[Records from a data collection]
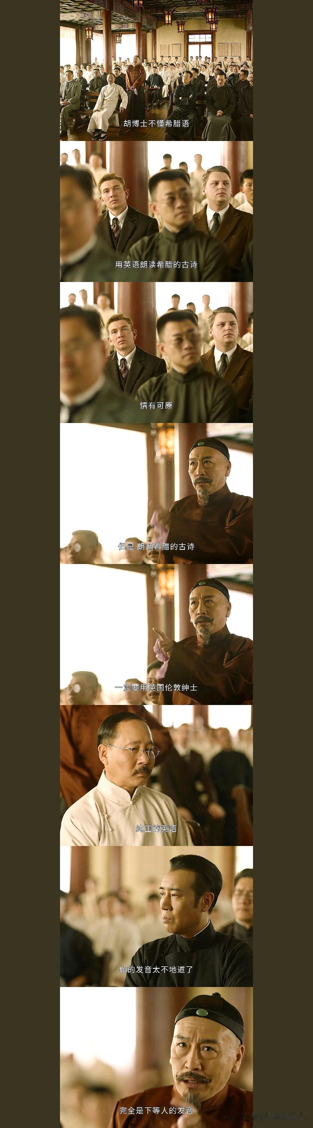 《觉醒时代》中令人印象深刻的是辜鸿铭逮着胡适骂了三次。 第一次是胡适去拜见辜鸿铭,辜鸿铭骂胡适崇洋媚外,数典忘祖。 第二次是胡适请辜鸿铭吃饭,辜鸿铭说胡适不配上桌,让他坐门口去了。 第三次是胡适当着辜鸿铭的面在北大装逼,用英语念了一句《荷马史诗》里的内容。辜鸿铭听不下去。直接用希腊语念了一句,还问胡适这是什么意思。胡适答不上来,辜鸿铭还追着胡适杀。
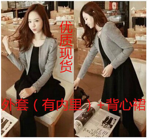 2014秋季新款時尚氣質(zhì)顯瘦收腰職業(yè)長袖連衣裙子小外套韓版 /
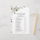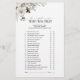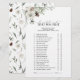 お祝いに笑いフレンドリーと競争を持ち込むブライダルシャワー"誰が最初だった"ゲームカード。冬のエレガント花模様、ピネコン、常緑のスリを備えた美しいデザインのゲームは、誰が最初に新婦か新郎かを推測するのに挑戦する。クリーンで整然としたレイアウトで、それは遊ブライダルシャワーや婚約パーティやカップルのイベントで氷を壊すための簡単と完璧である。TrueMatch™ Color Technologyを使用してプロフェッショナルに印刷し、ブライダルシャワーの他のステーショナリー鮮やかスイートとシームレスに連携する鮮明で詳細を確保。著作権Anastasia Surridge、全著作権所有。
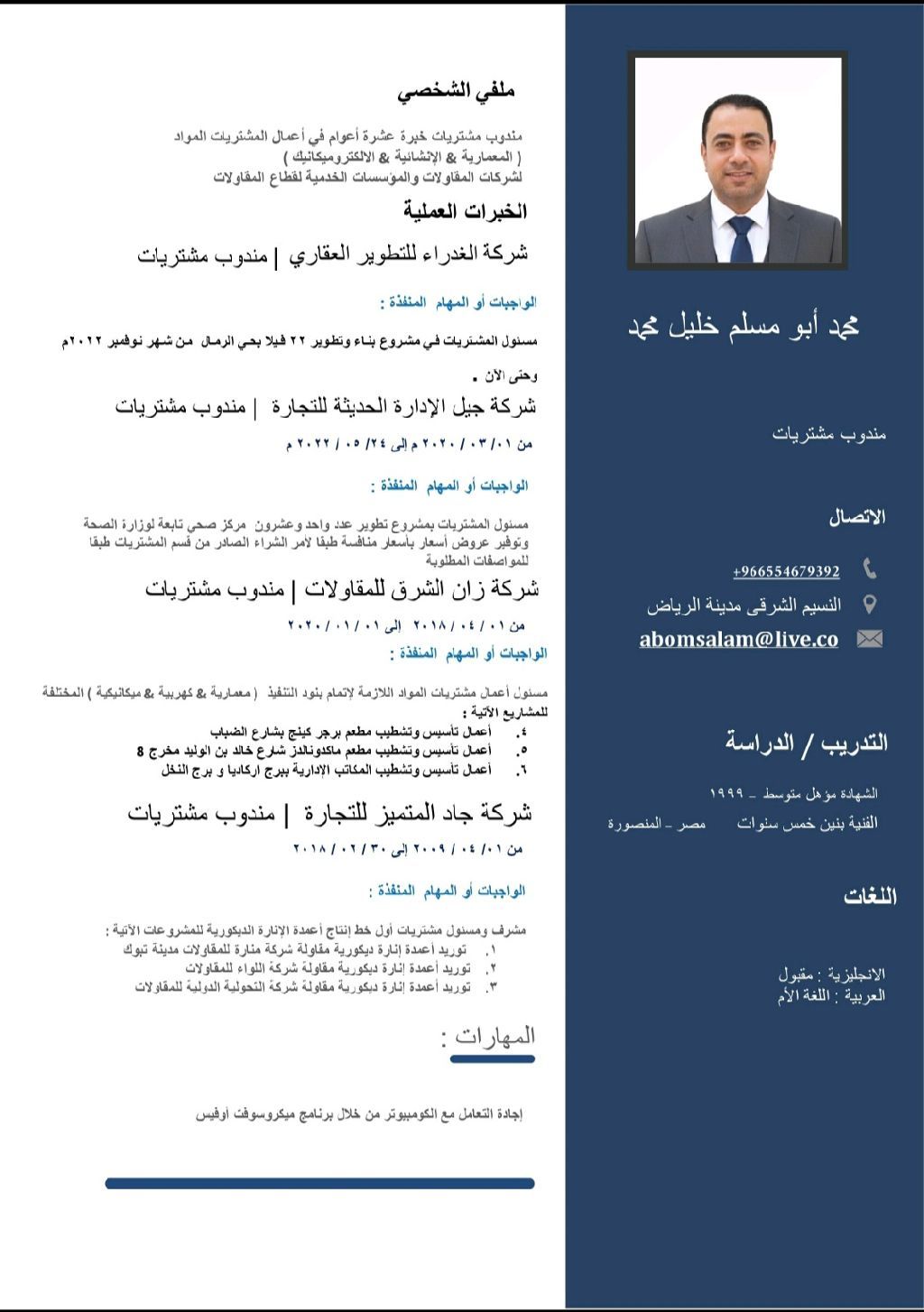 مندوب مشتريات متخصص في قطاع المقاولات والتطوير العقاري، اعمل على إدارة عمليات الشراء والتوريد بكفاءة عالية لضمان توفير المواد والمستلزمات وفق أعلى معايير الجودة وبأفضل الأسعار. امتلك خبرة في التفاوض، مقارنة العروض، اختيار الموردين الموثوقين، ومتابعة تنفيذ طلبات الشراء حتى وصول المواد لمواقع العمل في الوقت المحدد. يبحث عن عمل
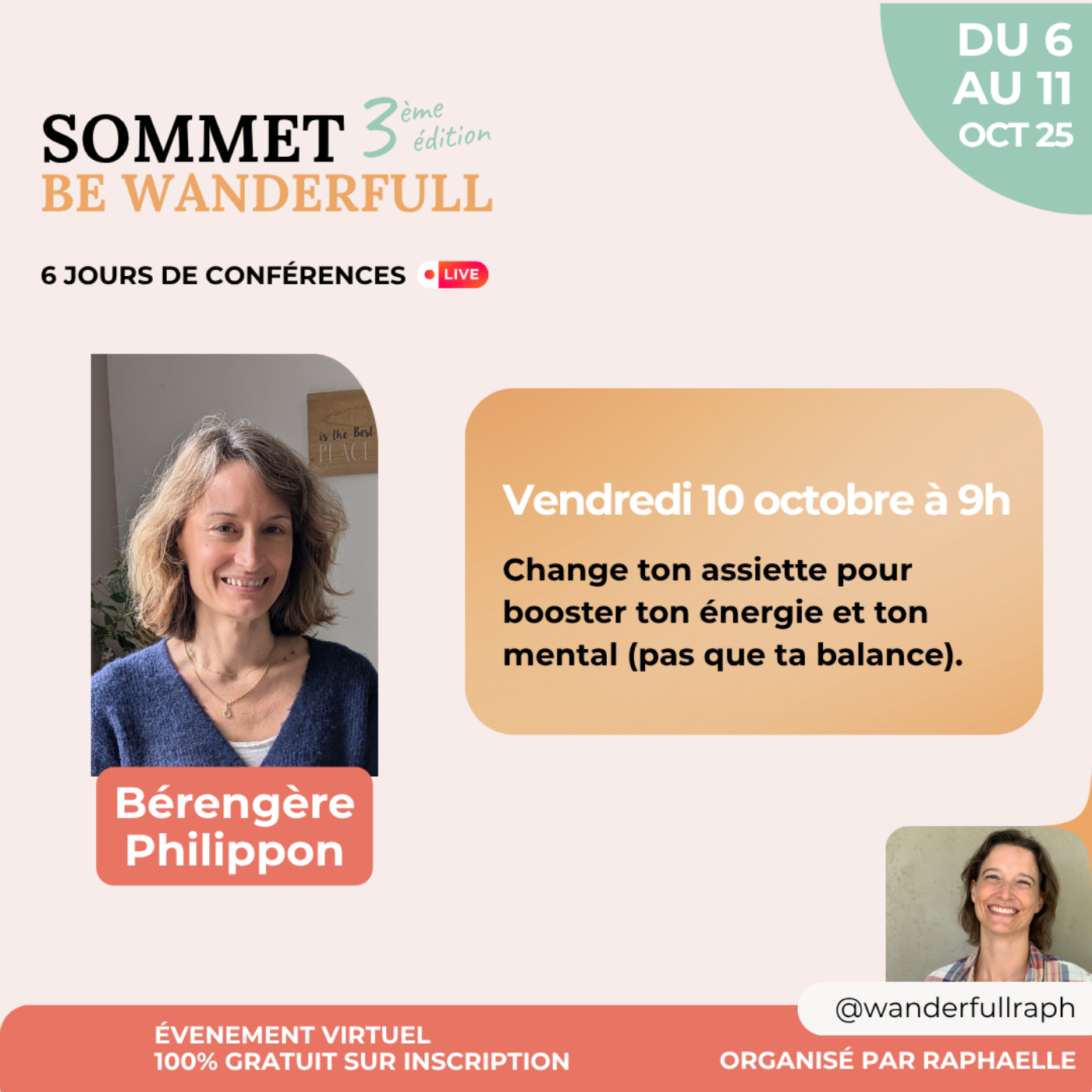 Les conférences privées du Sommet Be Wanderfull (édition 3 d'octobre 2025) directement dans vos oreilles ! Évènement virtuel organisé par Raphaelle Gasse @wanderfullraph. Partages et reproductions interdits. ©2025 Wanderfull | Tous droits réservés.
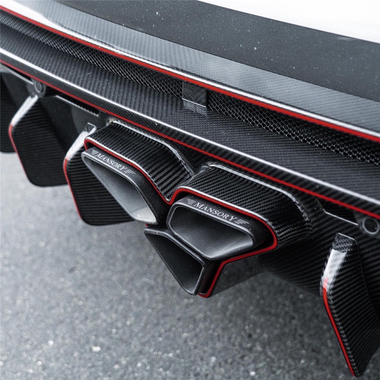 奥迪RSQ8 Mansory迈莎锐定制版,亮光灰搭配红色拉花。外观套件经过升级,Mansory为RSQ8新开发了和Mansory URUS同款的碳纤维后唇和中出排气系统。
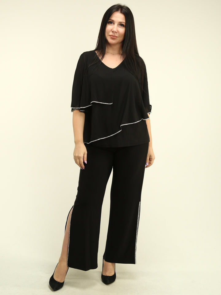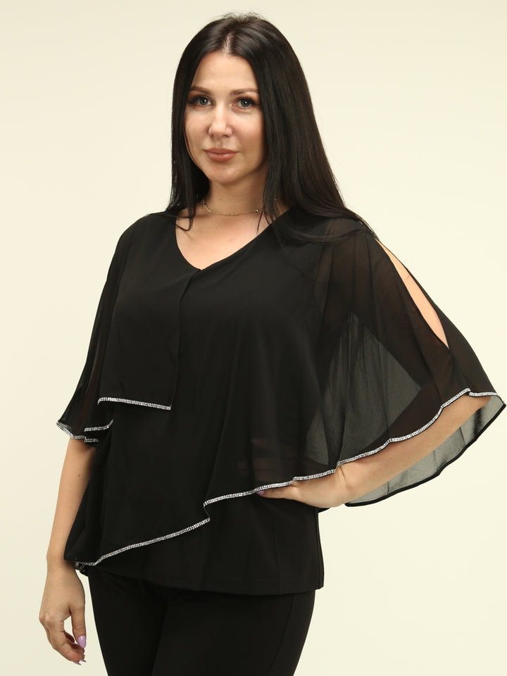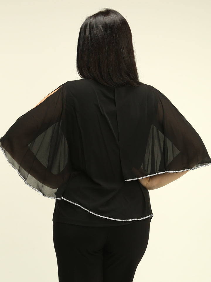 Asymmetric Rhinestone Trim Chiffon Overlay Blouse

- _Assignment_:
Give the records a second time exactly, keeping the images out.

- _Output of the exercise_:
 《觉醒时代》中令人印象深刻的是辜鸿铭逮着胡适骂了三次。 第一次是胡适去拜见辜鸿铭,辜鸿铭骂胡适崇洋媚外,数典忘祖。 第二次是胡适请辜鸿铭吃饭,辜鸿铭说胡适不配上桌,让他坐门口去了。 第三次是胡适当着辜鸿铭的面在北大装逼,用英语念了一句《荷马史诗》里的内容。辜鸿铭听不下去。直接用希腊语念了一句,还问胡适这是什么意思。胡适答不上来,辜鸿铭还追着胡适杀。
 2014秋季新款時尚氣質(zhì)顯瘦收腰職業(yè)長袖連衣裙子小外套韓版 /
 お祝いに笑いフレンドリーと競争を持ち込むブライダルシャワー"誰が最初だった"ゲームカード。冬のエレガント花模様、ピネコン、常緑のスリを備えた美しいデザインのゲームは、誰が最初に新婦か新郎かを推測するのに挑戦する。クリーンで整然としたレイアウトで、それは遊ブライダルシャワーや婚約パーティやカップルのイベントで氷を壊すための簡単と完璧である。TrueMatch™ Color Technologyを使用してプロフェッショナルに印刷し、ブライダルシャワーの他のステーショナリー鮮やかスイートとシームレスに連携する鮮明で詳細を確保。著作権Anastasia Surridge、全著作権所有。
 مندوب مشتريات متخصص في قطاع المقاولات والتطوير العقاري، اعمل على إدارة عمليات الشراء والتوريد بكفاءة عالية لضمان توفير المواد والمستلزمات وفق أعلى معايير الجودة وبأفضل الأسعار. امتلك خبرة في التفاوض، مقارنة العروض، اختيار الموردين الموثوقين، ومتابعة تنفيذ طلبات الشراء حتى وصول المواد لمواقع العمل في الوقت المحدد. يبحث عن عمل
 Les conférences privées du Sommet Be Wanderfull (édition 3 d'octobre 2025) directement dans vos oreilles ! Évènement virtuel organisé par Raphaelle Gasse @wanderfullraph. Partages et reproductions interdits. ©2025 Wanderfull | Tous droits réservés.
 奥迪RSQ8 Mansory迈莎锐定制版,亮光灰搭配红色拉花。外观套件经过升级,Mansory为RSQ8新开发了和Mansory URUS同款的碳纤维后唇和中出排气系统。
 Asymmetric Rhinestone Trim Chiffon Overlay Blouse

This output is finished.